According to a new report by the McKinsey Global Institute, real estate values in Florida will continue to drop due to climate change and rising sea levels. The report found that real estate values have already dropped by an estimated $5 billion dollars and that number could climb to $80 billion over the next 30 years.

“While the Florida residential real estate market remains robust today, climate risk poses a potential threat to asset prices,” the 29-page report advised.

The McKinsey Global Institute projects that property values could decline by between $10 and $30 billion by 2030 and that number could jump up to $30 to $80 billion by 2050.

“The devaluation could be larger, and potentially result in an absolute decline in the value of homes relative to their prices today, for example, if flooding regularly affects public infrastructure or if homeowners more aggressively factor climate risk into their buying decisions,” the report warns.

Storm Surge and Nuisance Flooding the Biggest Problem

The report focused on the impact that storm surge and tidal flooding will have on property rates. This type of flood damage is often called “nuisance” flooding and it often takes place even when there is no severe weather such as a hurricane. 

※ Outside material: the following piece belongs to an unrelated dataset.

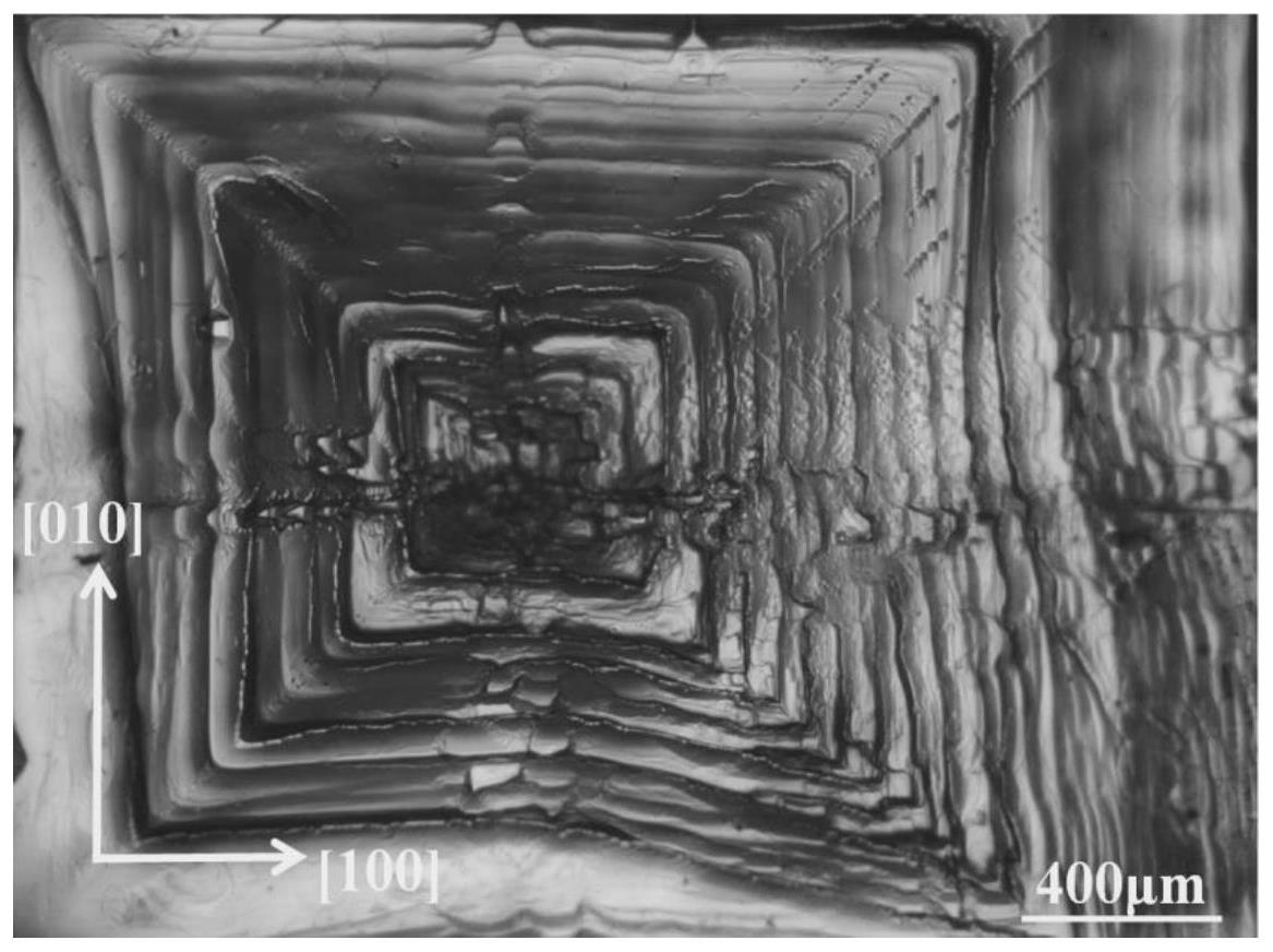 (4)用偏光显微镜筛选形状规则、光学均匀性良好的微小单晶作为籽晶,放入上述平底烧杯中,随后盖上平底烧杯顶部的密封盖,用保鲜膜进行二次密封,并用橡皮筋加固;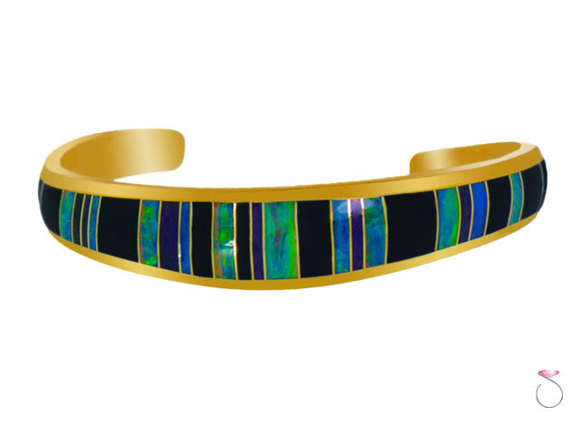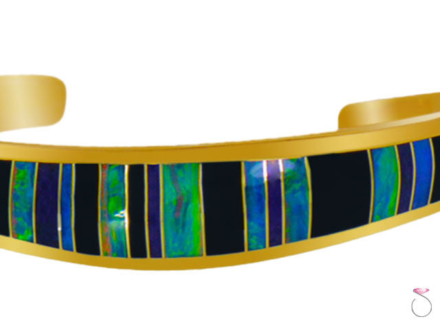 Stunning 14K yellow gold cuff bracelet; inlayed with vibrant Australian opal, black onyx and purple Malachite.| ITEM DETAILS | BRACELET |

Data shows that nuisance flooding is roughly 300% to 900% more frequent in U.S. coastal areas now than it was a mere 50 years ago. This is only expected to get worse as sea levels rise due to ocean warming and higher atmospheric temperatures. Warmer temperatures lead to expanding ocean waters and melting glaciers and ice sheets which raise ocean levels. 

In addition to higher water levels, warmer ocean temps lead to more intense storms and hurricanes which often results in storm surge. 

The Sunshine State is particularly vulnerable to the impacts of climate changes as real estate is a major economic driver in Florida. According to the report, Florida brings in about 22% of its GDP which translates into about $1 trillion, from real estate.

Currently, 30 percent of local government tax revenue comes from property taxes and about two thirds Florida’s 22 million people live in counties that border the coast. In addition, about 10 percent of the population have a home that is at an elevation of less than 5 feet above sea level.

Some Areas Hit Harder Than Others

The rising sea levels will hit some areas of Florida harder than others according to the report. Roughly nine Florida counties are most at risk for property value declines. These counties include: Palm Beach, Broward and Miami-Dade as well as Citrus, Pinellas, Manatee and Lee on the Gulf Coast. St. John’s on the Atlantic Coast and Monroe County in the Florida Keys are also at increased risk when compared to the rest of the state. 

In addition to dropping home values, homeowners in these areas have to deal with higher Florida homeowner insurance premiums as well as higher maintenance costs for the property. 

“Home prices may be influenced not just by today’s level of hazard, but also by expectations of how hazards could evolve,” the McKinsey report stated. “The resale potential, maintenance costs, and comfort and convenience of a home in the future are all factors buyers consider.”

The McKinsey report is just one analysis that paints a not so rosy picture of Florida’s property value future due to climate change and rising sea levels. Other reports have predicted that lenders may stop offering 30-year mortgages in areas that they feel are vulnerable to flooding and rising sea levels. 

Unfortunately, home buyers and investors have paid little attention to these warnings, it is estimated that 640 people a day moved to the state last year. The Florida Chamber of Commerce currently projects Florida’s population will hit 26 million in the next decade with the majority of the growth expected to be in coastal areas.